Standish, Burt L., 1866-1945.
New York : Street & Smith, 1908.
31 p. ; 28 cm.
SERIES: Tip top weekly ; no. 638
NOTES: Caption title. Frank Merriwell's steadying hand / by Burt L. Standish -- A boy's adventure with tramps / by Ella Wheeler Wilcox. Microfilm. Minneapolis, Minn. : University of Minn. Libs., 1985. 6th title of 10 ; 32 mm. Low reduction.
p. 27-28
A boy's adventure with tramps
by Ella Wheeler Wilcox

"Be careful about the fires, Clarence, and be sure and lock the doors and windows before you got to bed."
  "Yes, father."
  "And don't leave the house alone any length of time.

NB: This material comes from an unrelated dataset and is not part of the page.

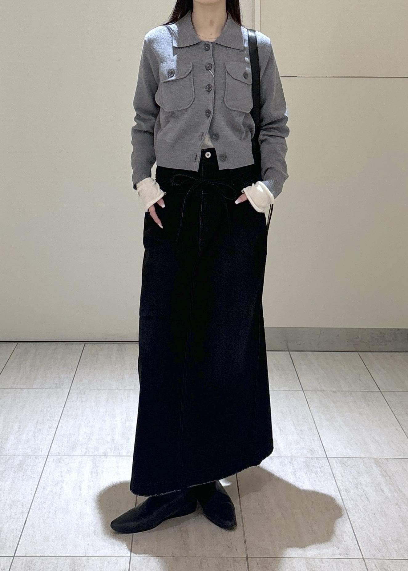 ADAM ET ROPÉ FEMMEローウエストデニムスカートブラック / 36¥9,350レビューウエストが少しゆったり目のサイズ感で、ローウエストに落として着用できます◎

We will be back by to-morrow noon, if possible. There are so many tramps roaming about the country now, the house might be ransacked if you were to leave it alone," said his mother.

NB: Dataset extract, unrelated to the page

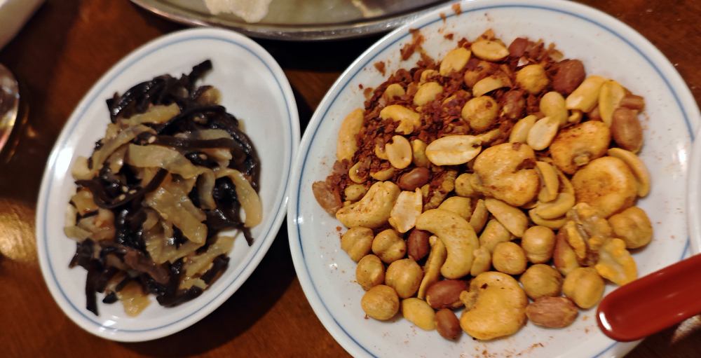 中華クラゲの和え物と麻辣ナッツ。若干似たようなモノが連続する(笑)。

  "I will see to everything, and forget nothing," answered Clarence.
  He was a bright, manly boy of fifteen--the only child of his parents, who resided in the town of M------, in Wisconsin.

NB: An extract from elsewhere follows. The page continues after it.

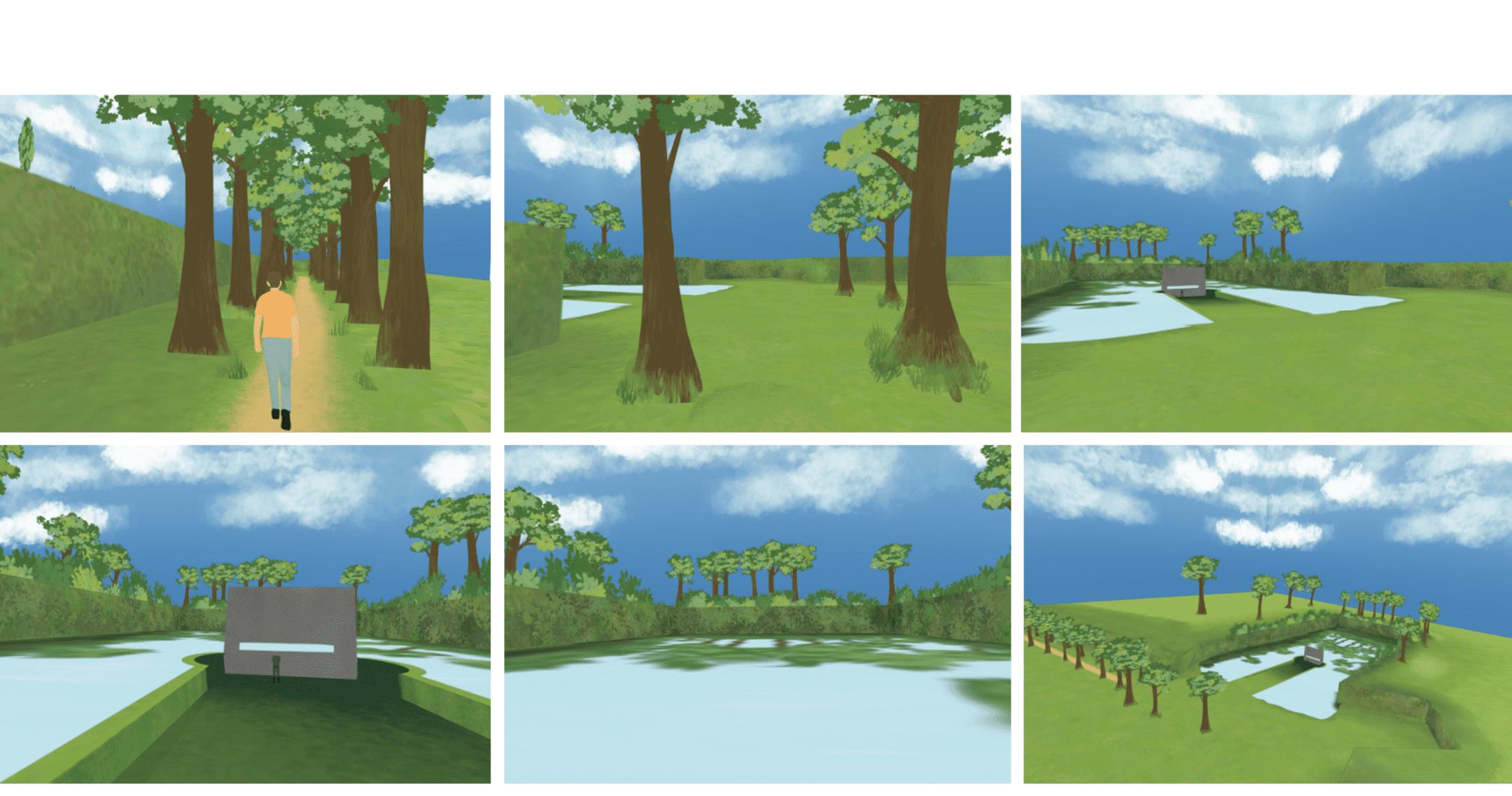Dengan intensi untuk menciptakan experience yang mengiring pengunjung dan mendapatkan element of surprise sebelum melihat reflective danau, Konsep design mengalami development. Preseden seperti Moses bridge di Netherlands dan jembatan di Belgia menjadi inspirasi untuk intervensi site pada danau. Inspirasi pathway juga berasal dari kawasan perumahan saya yang memiliki pohon-pohon tinggi yang menciptakan efek tunnel tanpa terkesan tertutup dan gelap. Dari inspirasi ini muncullah intervensi site baru saya. (gambar 3)

  They were well-to-do farmers, with a comfortable home, and the neighborhood was a peaceful, quiet one, where Clarence had spent his fifteen uneventful years.
  Of late--it was the summer of '78--the whole State of Wisconsin, and indeed, the whole West, had been full of homeless, idle men, known to us all as tramps. The hard times had thrown them out of work, and many of them had determined to beg, others to steal, for a livelihood. All sorts of rumors of petty thefts and robberies, and assaults, and sometimes murder, were heard from neighboring places, but so far the town of M------ had only been annoyed by beggars and loungers. That very day a villainous-looking fellow had been to the kitchen and begged Mrs. Ward--Clarence's mother--for something to eat, and she had got him a good lunch and allowed him to rest an hour in the kitchen before going farther in his quest for employment.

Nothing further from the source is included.